Consistently apparently people in established mathematics have chosen to keep crap. Like my most stunning result still was showing how to write a perfect argument under established rules which was wrong under those same rules. Contradiction!!! Got that published over a decade ago, and things got messed up.

(Yeah you need to be seriously clever to figure out how to do it, and realize a bit of splash would be to get a publication demonstrating. I may be the only person in human history with THAT achievement on this scale.)

People apparently use my results, which is good. But then don't bother to do anything about the other, which I call the social problem. Was a reason distanced myself from mathematicians. I am NOT a mathematician. Am a mathematical discoverer. To me numbers are interesting and I'd prefer to know how they work!

Like what my published paper actually did was show that declaring in the ring of algebraic integers can lead to contradiction, as I could use mathematics correct in that ring which would lead to a result outside the ring.

Talked it all in what I think is one of the most important posts on this blog:

Easily explaining a historical miss

Where actually thought that might do it! Yet here we are. If you are a math person and you declare things in the ring of algebraic integers you are engaging in an error which was proven to be one, over a decade ago. (Does anybody though? Will admit, have not checked so don't know.)

My favorite expression to ponder in that area is beautifully simple.

In the complex plane: P(x) = (g₁(x) + 1)(g₂(x) + 2)

where P(x) is a primitive quadratic with integer coefficients, g₁(0) = g₂(0) = 0, but g₁(x) does not equal 0 for all x.

The simplest example is: P(x) = x² + 3x + 2

Solving for g's in general is easily done with some substitutions, where one will seem superfluous, but is important. To solve with my approach we will need a new variable k, and two new functions.

Introduce k, where k is a nonzero, and new functions f₁(x), and f₂(x), where:

g₁(x) = f₁(x)/k and g₂(x) = f₂(x) + k-2

Multiply both sides by k, and substitute for the g's, which gives me the now symmetrical form:

k*P(x) =  (f₁(x) + k)(f₂(x) + k)

The purpose of forcing symmetry is...rest of it is at the post:

Simple Generalized Quadratic Factorization

Like to copy from my own posts. So copied a bit there. So yeah elementary methods blow up prior established number theory which people kept on doing even though the things that do not work? Do not work. Where there is plenty of evidence is bogus math--if you look for it. I quit looking years ago as found was depressing.

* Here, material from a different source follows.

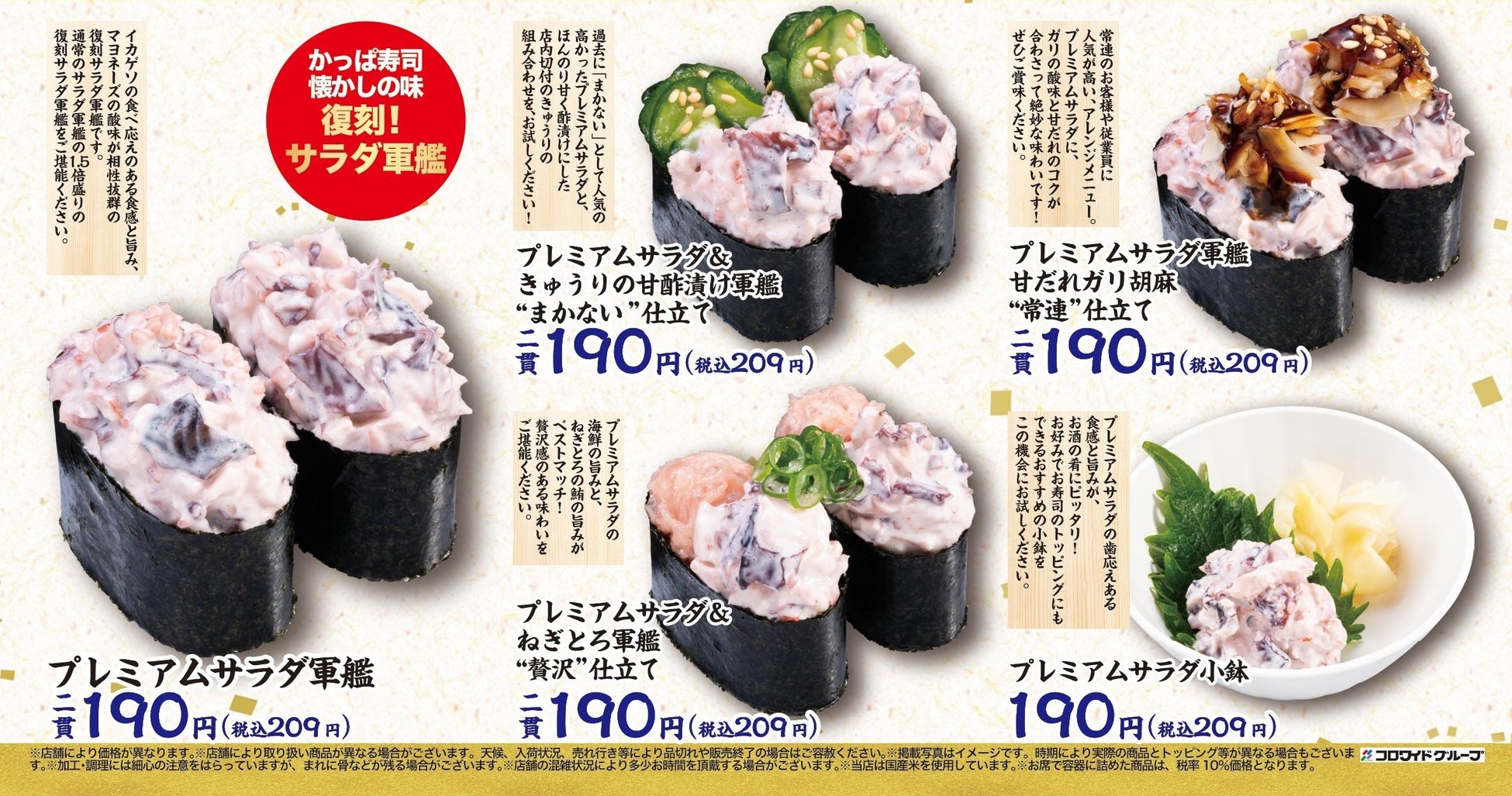 『プレミアムサラダ』は、ボイルイカの食べ応えある食感やマヨネーズのまろやかな酸味、あと引くイカの旨みなどが1980年代の味わいを思い起こさせます。また、かっぱ寿司の常連のお客様と長年かっぱ寿司で働く従業員が楽しむアレンジ、様々なネタと組み合わせて商品として提供されていた時代のものをアレンジするなどしてご用意いたしました。

While I piled on results like even found there was another basic way to find the modular inverse, which then of course is my modular inverse method and went on and on about it for a bit.

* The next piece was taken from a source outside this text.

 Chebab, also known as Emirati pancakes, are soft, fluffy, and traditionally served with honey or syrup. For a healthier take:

Situation of course is a HUGE advantage to me which I finally started admitting, and there is no motivation for me to stop mathematicians from doing fake research except being a good citizen. And have tried some things, but admit will not fully address again until 2028, if necessary.

Why is a huge benefit to me? Removes competition. Makes me bigger in human history. And other things as well where I don't like to explain. Things like not having to behave certain ways or lecture or even bother with academics really.

So why would people prefer fake math? Because it can be easier. Notice even with my simpler results the discovery was actually, well took centuries. With the fake math people can pile on fake results. There's an infinity of them. More than enough to support current number theorists--worldwide.

Yeah, my results probably remind how hard real math can be. Its discovery can elude endlessly. (Yeah I know that rhymes.)

If it weren't for my curiosity would gleefully leave the situation alone, maybe. Possibly am too cynical about myself. But it is relevant to me that at this rate I'm it for the early 21st century and without any real competition from scientists either, would probably be it completely. Like in the future there will be no reason to name anyone else as significant in science or mathematics during this period. Which I think is cool.

Is also kind of sad. But feel like is my duty to seize the opportunity. Is a very rare one. And actually should not exist at this time. So yeah my competitive nature relishes the advantages that puzzle me still. But who knows, maybe someone else will step up. Time will tell.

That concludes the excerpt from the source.